The third was that A claimed Pell appeared in the doorway wearing his sacred robes. But Monsignor Portelli, master of ceremonies at the Cathedral, and Maxwell Potter, a sacristan, testified that the ‘Archbishop could never be left alone in the Cathedral and at least not during the course of ceremonies, that the ceremony continued until the archbishop removed his vestments. The vestments themselves are sacred, and particular prayers are said when donning and removing them.’ It was centuries-old Church rules that Pell could not be unaccompanied in the Cathedral especially when wearing the sacred robes – ensuring this was one of Portelli and Potter’s duties. A ‘defining feature of religious observance is adherence to ritual and compliance with established practice.’ Thus, the jury was asked to believe that contrary to long-standing church practice, Pell returned on his own to the priests’ sacristy in his ceremonial vestments. Further, witnesses stated that Pell was ‘a stickler for protocol and conservative in terms of church liturgy and tradition.’ There were, however, four witnesses who said they had seen Pell on other occasions robed and alone, and no opportunity witness could say with certainty that the routines and practices were never departed from.
The fourth was that the priests’ sacristy was a ‘hive of activity’ after Mass. It would have been extremely reckless of Pell to do what he did, and even if so, he would not have gotten away with it because people would have been everywhere.
The fifth was the argument that the doors to the priests’ sacristy would have been locked. The sixth was was that the sacramental wine was always locked away and could not have been accessible. The seventh was that two choirboys could not have separated from the procession unnoticed. The eighth was the compounding of these improbabilities.

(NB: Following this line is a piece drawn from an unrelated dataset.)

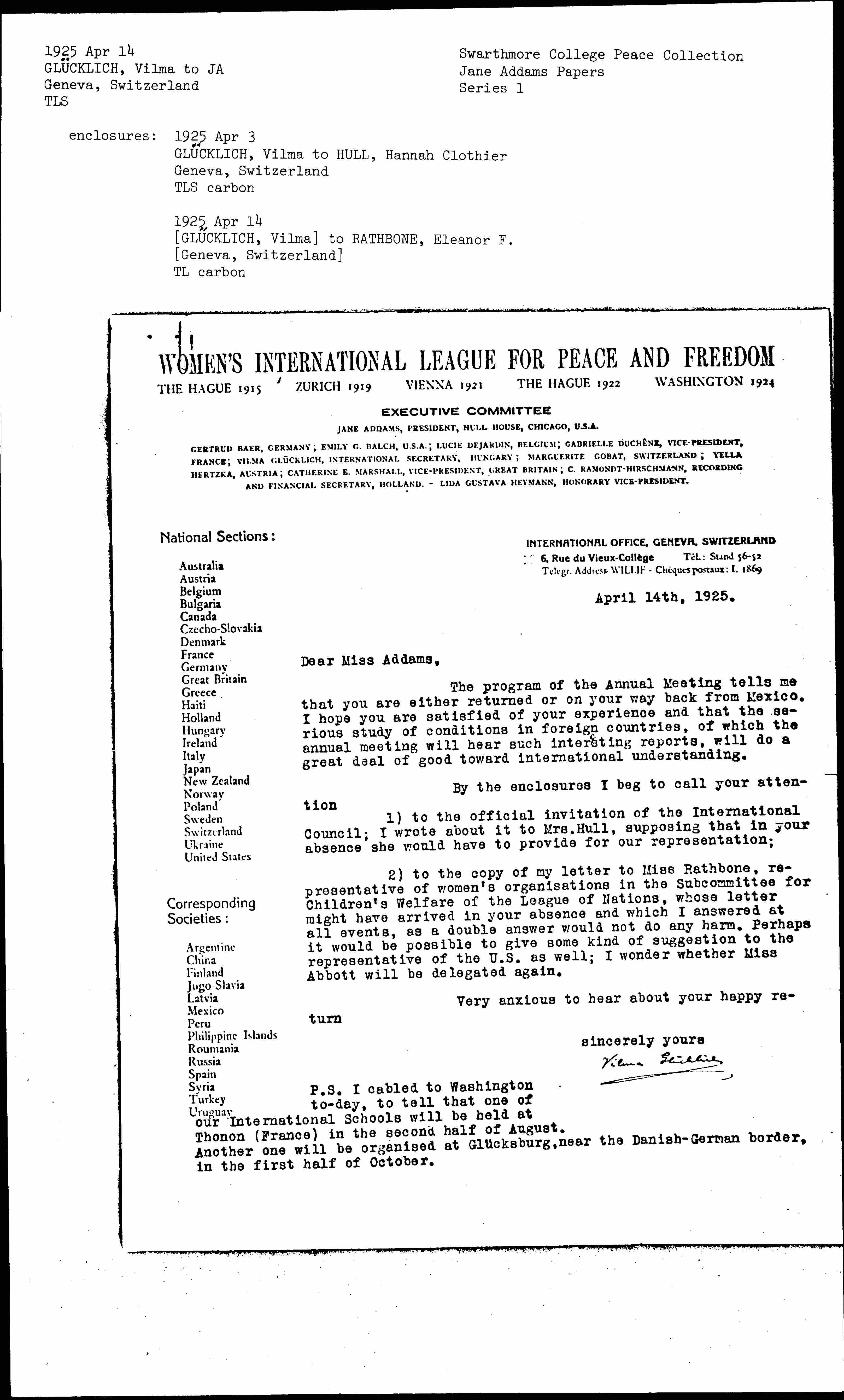 2) to the copy of my letter to Miss Rathbone, representative of women’s [organizations] in the Subcommittee for Children's Welfare of the League of nations, whose letter might have arrived in your absence and which I answered at all events, as a double answer would not do any harm. Perhaps it would be possible to give some kind of suggestion to the representative of the U.S as well; I wonder whether Miss Abbott will be delegated again.

There were two further disputes. First, the Supreme Court of Victoria majority believed A’s knowledge of the interior layout of the priests’ sacristy considerably enhanced the credibility of his account. Moreover, the fact that A said the assaults took place in the priests’ sacristy rather than the archbishop’s, which Pell would have used, was more striking. However, this was opposed by the possibility of a tour of the Cathedral given to A when he joined the choir. There are also the logical objections: just because A had been inside the priests’ sacristy or identified it as the place where the events occurred does not verify the assault. Second, regarding the second incident. The defence argued that the notion that Pell in his full regalia might assault a choirboy in the presence of a number of people bordered on the fanciful. The sight of the Archbishop would have attracted attention. However, the SCV majority thought that those in the corridors might not have noticed because they were preoccupied and intent on completing the procession and removing their robes as soon as possible.
A has since said that he accepts the ruling and understands it. He said ‘I understand why criminal cases must be proven beyond all reasonable doubt. No one wants to live in a society where people can be imprisoned without due and proper process. This is a basic civil liberty.’